Lee, Lee, Lee, Lee, Lee, Lee, Lee, Lee, Lee! We’re talking f@#$in’ Lee!
– Tenacious D/SNY.tv the last three days.
Has SNY.tv offered four takes on Cliff Lee in the last three days? Yes. You might say it’s a hot topic around these parts. And maybe that’s my fault and we shouldn’t be running so many columns about the same topic, but whatever. It’s on my mind too.
But the point I want to reiterate — one I touched upon earlier this week but failed to drive home, I think — comes in Mike Salfino’s take. He writes:
Madden says the Mets “would be well-advised not to make a trade for him unless they can sign him.”
Signing Lee long-term is a minus to the deal, not a plus. If the Mets’ resources were limitless, this would not matter. But overpaying Lee badly down the road, again the likely outcome, will hamstring future pennant pursuits.
Those negotiating windows are not what they’re cracked up to be. It’s not like the Mets are going to get the exclusive negotiating window and be able to sign Lee for far less than what he’ll get on the open market. Everyone involved — and most importantly, Lee’s agent — is smarter than that. A team that trades for Lee with a negotiating window will still have to sign him for a deal similar to the one he’s likely to get in free agency. And since Lee is one of the best pitchers in baseball right now, that’s going to be huge.
Reader and commenter Chris M made a great point via email about this. He argued that the Mets will inevitably pursue an ace — with the “ace” label — this offseason, so they might as well sign Lee if they can snag him. They’re not going to find anyone better on the free-agent market, he pointed out, and they’d have to give up even more young players to trade for anyone else.

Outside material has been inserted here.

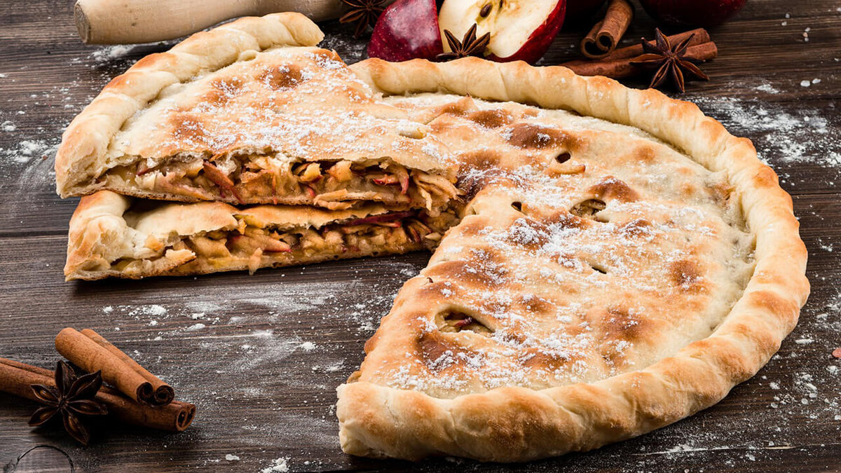 - Выпекаем постный яблочный пирог в заранее разогретой духовке при температуре 180 °C 30–40 минут.

But that seems a bit fatalistic to me. That’s just urging the Mets to do the least-dumb thing, since Lee is legitimately awesome and will probably provide at least a reasonable return on his contract for the first couple of years.

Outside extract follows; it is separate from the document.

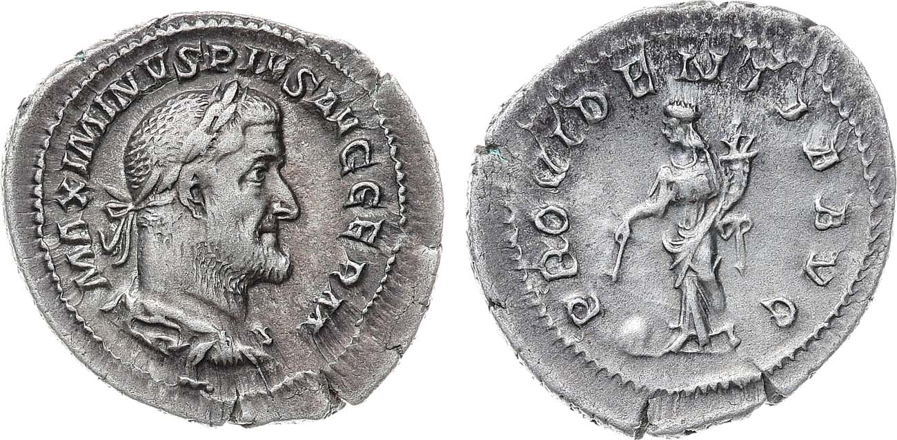Серебро. 2,73г. Рим. Аверс: "MAXIMINVS PIVS AVG GERM" драпированный бюст императора в кирасе и лавровом венке вправо. Реверс: "PROVIDENTIA AVG" Провиденция стоит лицом, повернув голову влево, в правой руке она держит жезл над земным шаром, а в левой — рога изобилия. BMC 171. Cohen 75. RIC 20. XF/AU.

To me, the team should worry less about labels and more about putting the best team it can on the field for now and the foreseeable future. I don’t see how offering a long-term deal to Lee assures that. As Salfino points out, it seems more likely to hinder it down the road.
If you look, you will be hard-pressed to find a World Series winner that didn’t have a pitcher who could reasonably be called an ace. So it’s easy to argue, “Well, all World Series winners have aces, so the Mets must make sure they have an ace.”
Only it doesn’t really work like that. Pitching is a fickle thing, difficult to predict. And one ace, no matter how good, will only get you so far. You need to secure as many good pitchers as you can and hope that one performs like an ace instead of overpaying one with a recent history of ace-like performance and assuming he’ll continue it.